### Data excerpts
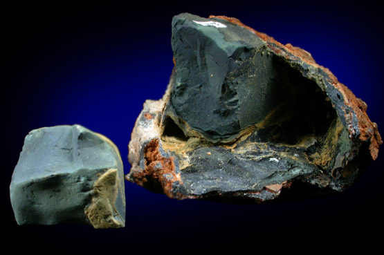 | Description: | Limonite concretion filled with earthy vivianite, a dense green mixture of vivianite and other minerals. The bottom of the concretion has lustrous black vivianite micro crystals. A second specimen, possibly from the same concretion has no limonite. Ex. Academy of Natural Sciences of Philadelphia collection #24198; ex. American Philosophical Society collection |
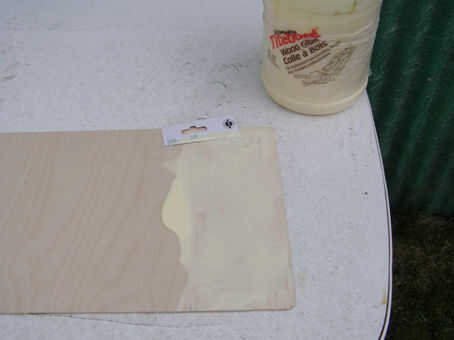 Tomar la capa uno (grano va a lo ancho) Aplique una capa de pegamento de madera sobre la superficie hasta la capa del lugar de edges,(fig.4c) 2 (va a lo largo de grano) en la parte superior y Aplique pegamento sobre la superficie hasta los bordes y colocar la capa 3 (grano va a lo ancho) en la parte superior. Ahora se acumulan las 3 capas pegadas centradas en la parte superior del molde. (fig.4d) puede poner cuatro fichas de cinta de enmascarar en los bordes de la madera para asegurarse de que no se deslice alrededor cuando usted pone en la bolsa.
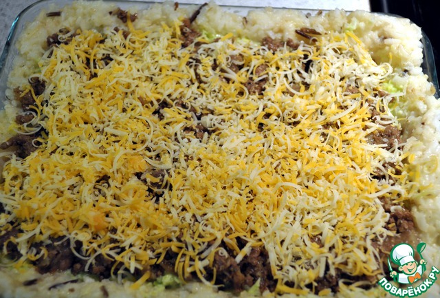 Следующий слой это сырно-луковый и опять фарш
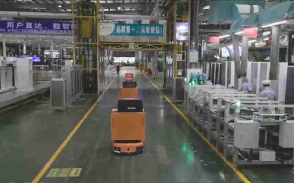 为车载冰箱物流配送打造的智能解决方案,,,,包含产中物流通过潜伏举升AMR搬运至线边,,,产后成品物流智能仓储,,流程包含产中物流智能齐套入库,,,,线边安灯叫料AMR智能配送至线边,,,,成品入库、、、、出库,,,通过无人堆高车机器人,,,,智能仓储管理替代人工作业管理,,,实现更高存储、、更高效率、、、、更具柔性化的解决方案。。
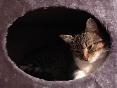 Kocouři a kocouřky, musím se vám svěřit se svýma obavama. Doma se nám dějí dost divné věci. Slečna s páníkem koukají na obrázky cizích!!! koček a povídají, jak která je pěkná, jako bych já nebyla ta nejhezčí. Taky jsem zaslechla něco o umisťovací výstavě, snad mě nechtějí někam umístit a vyměnit za jinou kočku? Slečna koupila druhou budku na šplhadlo (na co, proboha? Mně jedna stačí, podívejte se na obrázek, že mi ven nevisí ani ocásek!) a povídala, že se to bude muset lépe přidělat ke zdi, aby to tu váhu vydrželo (tak jako bacha, to mě dost urazilo, já si myslím, že jsem celkem štíhlá a čupr kost!).
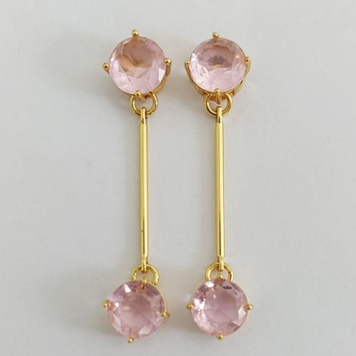 BRINCO FOLHEADO A OURO CINCO MILÉSSIMOS+VERNIZ DIAMOND - BRINCO PINO COM ZIRCÔNIA ROSA 8MM - OURO967
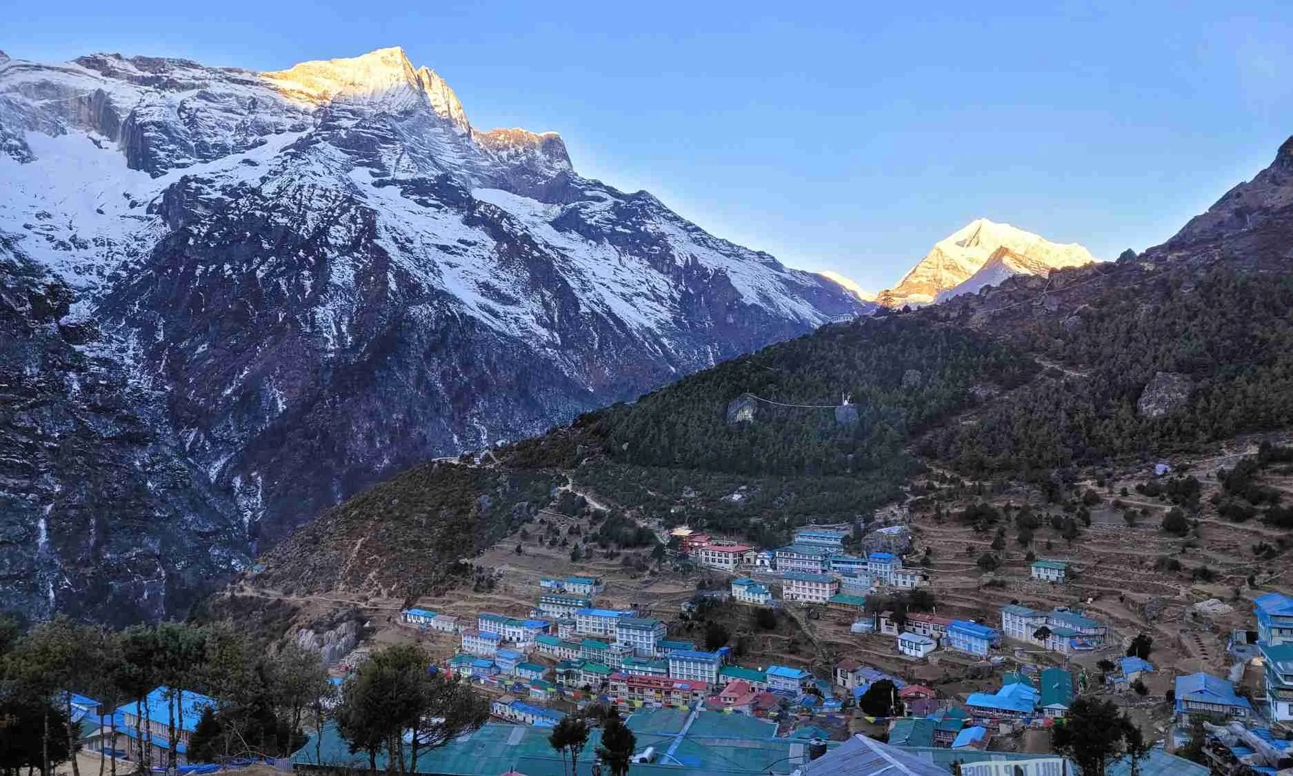 Sagarmatha National Park welcomes us after securing our permits. After that, we ascend gradually to Namche Bazaar, the famed Sherpa capital. This vibrant mountain hub becomes our base for two nights. Local exploration fills our time in this unique mountain setting.

### Task statement
Only the lines between the one containing "Tomar la capa" and the last line of the listing above, both included, should be written out, exactly and without pictures.

### Reply
 Tomar la capa uno (grano va a lo ancho) Aplique una capa de pegamento de madera sobre la superficie hasta la capa del lugar de edges,(fig.4c) 2 (va a lo largo de grano) en la parte superior y Aplique pegamento sobre la superficie hasta los bordes y colocar la capa 3 (grano va a lo ancho) en la parte superior. Ahora se acumulan las 3 capas pegadas centradas en la parte superior del molde. (fig.4d) puede poner cuatro fichas de cinta de enmascarar en los bordes de la madera para asegurarse de que no se deslice alrededor cuando usted pone en la bolsa.
 Следующий слой это сырно-луковый и опять фарш
 为车载冰箱物流配送打造的智能解决方案,,,,包含产中物流通过潜伏举升AMR搬运至线边,,,产后成品物流智能仓储,,流程包含产中物流智能齐套入库,,,,线边安灯叫料AMR智能配送至线边,,,,成品入库、、、、出库,,,通过无人堆高车机器人,,,,智能仓储管理替代人工作业管理,,,实现更高存储、、更高效率、、、、更具柔性化的解决方案。。
 Kocouři a kocouřky, musím se vám svěřit se svýma obavama. Doma se nám dějí dost divné věci. Slečna s páníkem koukají na obrázky cizích!!! koček a povídají, jak která je pěkná, jako bych já nebyla ta nejhezčí. Taky jsem zaslechla něco o umisťovací výstavě, snad mě nechtějí někam umístit a vyměnit za jinou kočku? Slečna koupila druhou budku na šplhadlo (na co, proboha? Mně jedna stačí, podívejte se na obrázek, že mi ven nevisí ani ocásek!) a povídala, že se to bude muset lépe přidělat ke zdi, aby to tu váhu vydrželo (tak jako bacha, to mě dost urazilo, já si myslím, že jsem celkem štíhlá a čupr kost!).
 BRINCO FOLHEADO A OURO CINCO MILÉSSIMOS+VERNIZ DIAMOND - BRINCO PINO COM ZIRCÔNIA ROSA 8MM - OURO967
 Sagarmatha National Park welcomes us after securing our permits. After that, we ascend gradually to Namche Bazaar, the famed Sherpa capital. This vibrant mountain hub becomes our base for two nights. Local exploration fills our time in this unique mountain setting.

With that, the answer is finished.